When A is requires_grad_(), and no matter whether C is ： (Directly-4 is to use torch.matmul() directly)
- Strategy1: time 7.05876 || curMem 2144 || maxMem 2208
- Strategy2: time 7.99773 || curMem 96 || maxMem 160
- Strategy3: time 1.44025 || curMem 2144 || maxMem 2176
- Directly-4: time 1.38115 || curMem 2144 || maxMem 2144
It can be seen that there are even more weird phenomena when A is set to requires_grad_():
- The curMem of both Strategy1 and Directly-4 increase, and close to maxMem, this supports the hypothesis in the last part that Pytorch will conduct a tensor copy operation. However, in this part, the copied tensor is not released, but kept. I guess it may because the both input tensors are grad_required that caused it. But again why in the last part, the copied tensor is not released?

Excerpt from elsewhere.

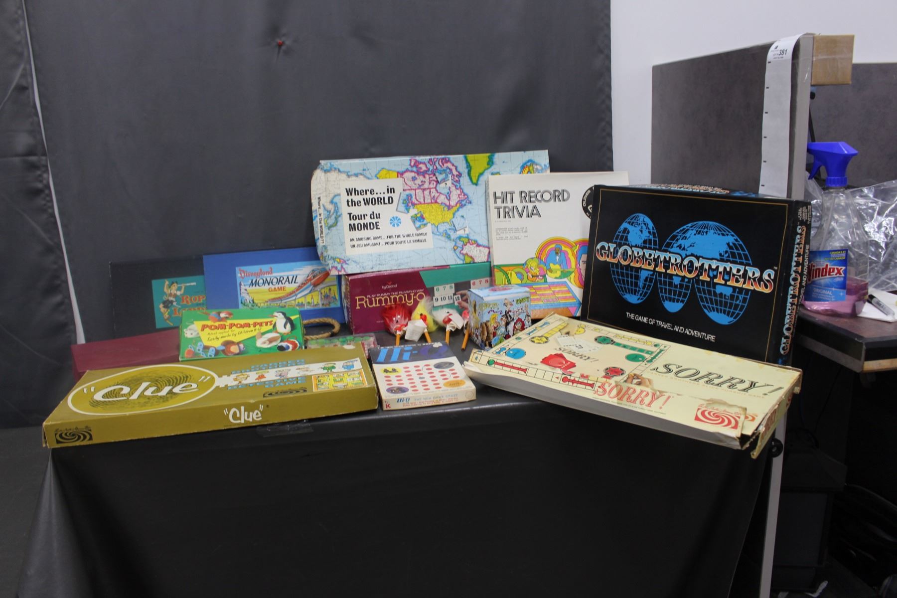 Sorry, Clue, Rummy-O, Globetrotters, Hi-Q, etc

- Strategy2 seems to be proved a more optimal solution, as it can both keep curMem and maxMem under a low value, though it is quite slow.
- Another weird phenomenon is that Strategy3’s curMem also increased, which is hard to be explained by the above hypothesis. I have also deeply investigated into it, and found that it is caused by this:
c[index[i * batch:i * batch + batch], :, :]

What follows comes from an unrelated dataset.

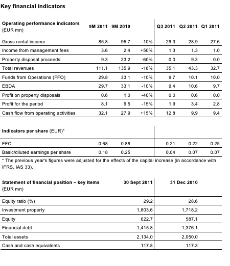 At EUR 29.8 million, the FFO (funds from operations, defined as earnings before depreciation, interest and taxes, and excluding profits from disposals and development projects) for the first nine months of 2011 was down on the previous year (9m 2010: EUR 33.1 million). The decline is based above all on the reduced portfolio with the corresponding lower rental income. The FFO per share amounted to EUR 0.68 (9m 2010: EUR 0.88).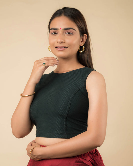 Jyoti New Bottle Green Sleeveless Cotton Blouse with High Neck by Advi

, when it is converted toc[index[i * batch], :, :]
, then the curMem returns to 96 as Strategy2. This actually means that, when A is set requires_grad_(), if want to avoid creating a copied tensor, one should ensure that the second input in torch.matmul() is a 2D tensor, not a batched tensor (3D) ! And this, actually lead to the difficulty to find a solution that can both keep high speed and low memory cost (both curMem and maxMem) when both A and C are requires_grad_.
From the above, there seems existing a lot of weird phenomena related to torch.matmul() for this specific task, if I was not wrong. And it seems that Strategy2 and Strategy3 be more optimal solutions than directly use torch.matmul(), from the conducted experiments.
I hope that more discussions can be under this post, and more people can try the above codes. And I look forward to a solution that can both achieve high speed and low memory cost.
As I am not familiar with the Pytorch underlying source code and how the CUDA operates, if I’ve misunderstood anything, I’m also very grateful to everyone for pointing out the mistakes.